作者简介:李军亮(1975年—)，博士研究生，主要研究方向为页岩油地质综合研究工作，lijunliang.slyt@sinopec.com。
基金资助:
国家科技重大专项“渤海湾盆地济阳坳陷古近系陆相页岩油勘探开发技术与集成示范”(2024ZD1405100);国家自然科学基金企业创新发展联合基金项目(U24B6002);中国石油化工集团有限公司项目(P23084);中国石油化工集团有限公司项目(P24027)

Discrete element simulation of direct shear tests for investigating the influence of bedding dips on fracture propagation in carbonate-rich shale

LI Junliang¹^,², ZHANG Kuihua²^,³, FENG Haifeng⁴, LIU Xinjin¹^,², LIU Zhina⁴^,^*(), QIN Feng¹^,², CHEN Tao¹^,², WANG Yong¹^,², YAN Jiajie⁴, YUAN Guiting¹^,², YU Fusheng⁴, WEI Xiaoliang¹^,⁵

1 Exploration and Development Research Institute, Sinopec Shengli Oilfield Company, Dongying 257015, China
2 National Key Laboratory of Shale Oil and Gas Enrichment Mechanism and Efficient Development, Dongying 257015, China
3 Sinopec Shengli Oilfield Company, Dongying 257000, China
4 College of Geosciences, China University of Petroleum, Beijing 102249, China
5 Sinopec Shengli Oilfield Postdoctoral Workstation, Dongying 257015, China

Received:2025-06-05 Revised:2025-09-17 Online:2025-12-30 Published:2025-12-30

摘要/Abstract

摘要：

本研究针对渤海湾盆地济阳坳陷东营凹陷沙三下-沙四上亚段富碳酸盐质页岩，结合离散元模拟与声发射监测方法，构建直剪试验数值模型，分析不同层理倾角下的裂纹扩展规律和能量演化特征，建立层理倾角、应力状态与裂缝数量的定量关系。

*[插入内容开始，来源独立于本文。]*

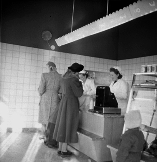 Titel: Konsum Rosta, brödbutiken, affärsinteriör, kunder och personal.
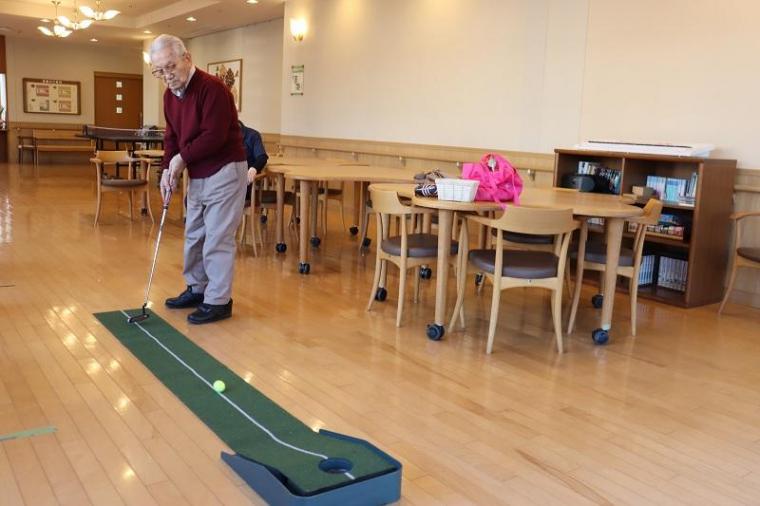 普段の移動は車いすや歩行器を使って移動するお客様も機能訓練を活かし、ご自分の力でカップインを目指します。

结果表明：(1)直剪作用下，高剪应力诱发约45°雁列状张裂缝，扩展后与沿层理剪切裂隙贯通，形成宏观破裂带；随层理倾角增大，破裂带由阶梯状转为“之”字形，非均质性增强；(2)破裂机制受层理倾角控制，低角度以沿层剪切为主，高角度转为基质张-剪复合破裂；(3)起裂、损伤和峰值应力随倾角增大先升后降，在40°~50°达到最大；(4)裂纹扩展分为起裂、快速扩展(占85%以上)和慢速扩展三阶段，张裂纹占82.6%，剪裂纹占17.4%且多沿层理分布；(5)数值模拟、岩芯观察与室内试验均显示相似扩展模式，包括沿层剪裂隙和斜切或穿层张裂隙。层理倾角是控制裂缝发育的关键因素，直接影响裂缝方向、复杂程度和改造体积。研究成果为陆相页岩天然裂缝的成因与预测提供理论支持，对提升页岩油开采效率和作业安全具有重要意义。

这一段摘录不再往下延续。